Od Autorki

Teksty oraz zdjęcia zamieszczone na tym blogu są mojego autorstwa (jeśli jest inaczej, podaję źródło), stanowią więc moją własność.
Nie wyrażam zgody na ich kopiowanie, cytowanie i rozpowszechnianie w jakiejkolwiek formie bez mojej wiedzy oraz bez podania adresu tego blogu.
(Ustawa o prawach autorskich - Dz.U. z dnia 4 lutego 1994 r., nr 24, poz. 83)

wtorek, 31 lipca 2012

563. Kochać inaczej


Wiara, nadzieja, miłość i pewnie jeszcze wiele innych, których wymieniać nie będę, pozostawiając wolną przestrzeń dla wyobraźni - nie da się ich w żaden sposób umieścić w jakichkolwiek ramach, nie da się ich zważyć, zmierzyć, porównać.

Kiedyś napisałam, że czuję, iż Mąż kocha mnie bardziej niż ja jego. Potem powiedziałam mu o tym odczuciu. I zaczęliśmy rozmawiać - jak zwykle. Lubię go słuchać, bo - w przeciwieństwie do mnie - mówi niewiele, ale bardzo mądrze i trafnie. Jednym zdaniem wyrazi więcej niż pewnie ja swoim przydługim wywodem. Zresztą, tego też tak naprawdę się nie da porównać.

Głos Rozsądku na moje pytanie, czy czuje się mniej kochany niż sam kocha mnie, odpowiedział, że nie, bo każdy inaczej okazuje miłość drugiej osobie. Wpływ na to ma choćby schemat relacji pomiędzy rodzicami wyniesiony z domu, który często nieświadomie lub podświadomie powielamy w naszych związkach. Sposób okazywania uczuć - mniej lub bardziej wylewny - wynika właśnie z czasem diametralnie innych doświadczeń życiowych oraz z różnic charakteru i osobowości partnerów.

Kobiety przeważnie kochają za coś - za poczucie bezpieczeństwa, poczucie humoru, wygląd, stan konta, troskę, opiekuńczość i jeszcze tysiąc innych rzeczy. Mężczyźni - za całokształt - za obecność, chociaż pewnie pojawią się też inne głosy.

Każdy okazuje miłość tak, jak umie i jak chce. Panowie dość często podchodzą zadaniowo do sfery uczuciowej.
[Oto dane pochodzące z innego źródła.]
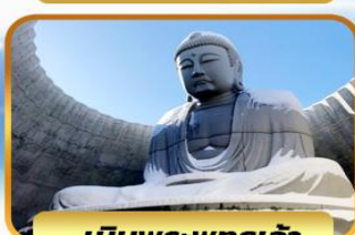
เป็นพระพุทธรเจ้า

05-10, 12-17, 19-24 พ.ย. 26 พ.ย. - 01 ธ.ค. 67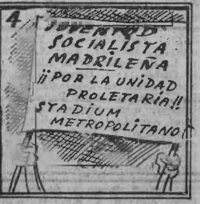
Acordaron protestar y un gran mitin celebrar.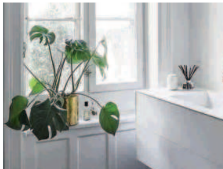
El truco es elegir variedades que crecen sin casi sol y en ambientes muy húmedos.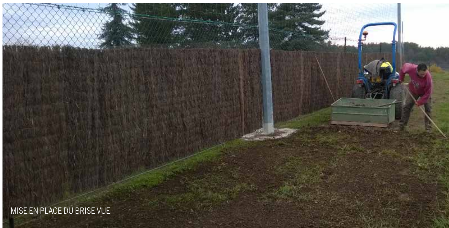
MISE EN PLACE DU BRISE VUE

Adjoint chargé des infrastructures, voirie et réseaux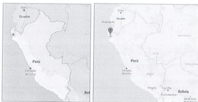
UBICACIÓN DEL DEPARTAMENTO DE PIURA EN EL PERÚ

Latitud : -4.9848 Longitud : -80.5749 Altitud : 56 m.s.n.m.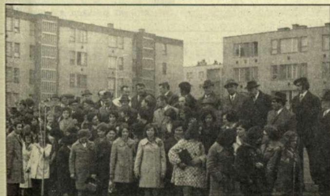
A kórus 1975-ben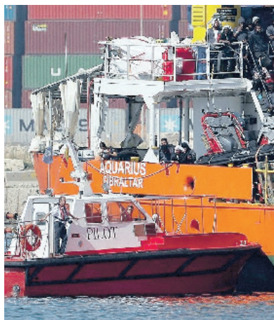
La nave "Aquarius" è stata fermata dalla Procura

Indagata Msf per le scorie dopo gli sbarchi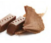
SYLVIA 蕭妃姬 牛奶朱古力蓉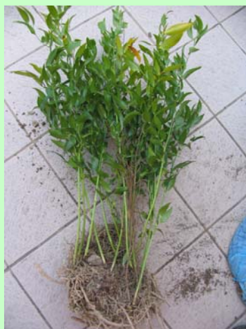
Rhizoctonia violaceae su ruscus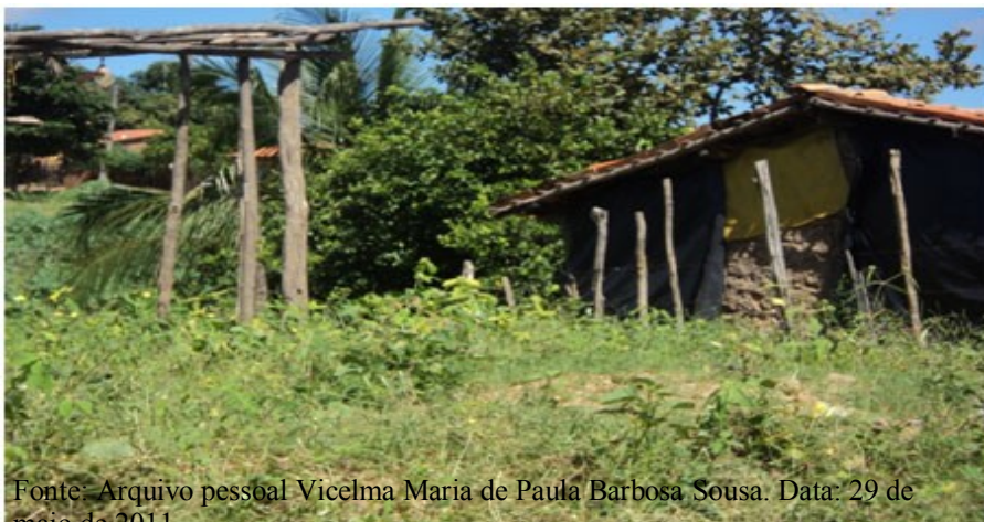
Fotografia 10 – “Barraco” em que se passa cenas do clipe “Criptonita” do Grupo “A Irmandade”.

Data: 29 de maio de 2011.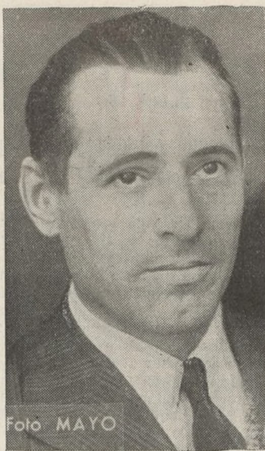
VICENTE URIBE Ministro de Agricultura a quien los campesinos quieren y admiran.

¡Delegados a la Conferencia Provincial Campesina: No faltar ninguno!

Dlatego kojarzą ją z zapewnieniem bezpieczeństwa materialnego, zabierając swoje panie na zakupy, robiąc im prezenty, czy oddając całą pensję. Niewiasty zajmują się wiciem miłosnego gniazdka, troszcząc się o ciepło domowego ogniska, serwując pyszne dania i krzątając się wokoło.

Nie ma dwóch jednakowych osób. Mogą być tylko bardzo podobne do siebie. Tak samo jak oczekiwania. I tu jest czasem pies pogrzebany. To, że coś komuś daję wcale nie oznacza, że wróci to do mnie w tej samej formie.

Wracając do mnie i do Męża - powiedział mi, że kocha mnie za to, że jestem, a nie jaka jestem. Daje mi z siebie tyle, ile chce. Cieszy go każdy mój gest, czy słowo, które jest ponad moją normę, która jest inna niż jego.

Dyrektor Wykonawczy, odkąd go poznałam, był i jest typem faceta, który nie wstydzi się okazywać uczuć - bez względu na miejsce i czas. Zauważył, że najpierw byłam jak jeż, którego lepiej nie dotykać, bo kłuje. Potem, powoli i stopniowo, zaczęłam się otwierać. Nabrałam zaufania, wiary w siebie, wzrosło moje poczucie wartości i teraz coraz częściej zdarza się, że to ja podchodzę do Męża i go całuję albo przytulam.

Moja niewiara w siebie spowodowała, że zaczęłam myśleć, iż kocham mniej, a tak naprawdę kocham inaczej. Teraz to wiem.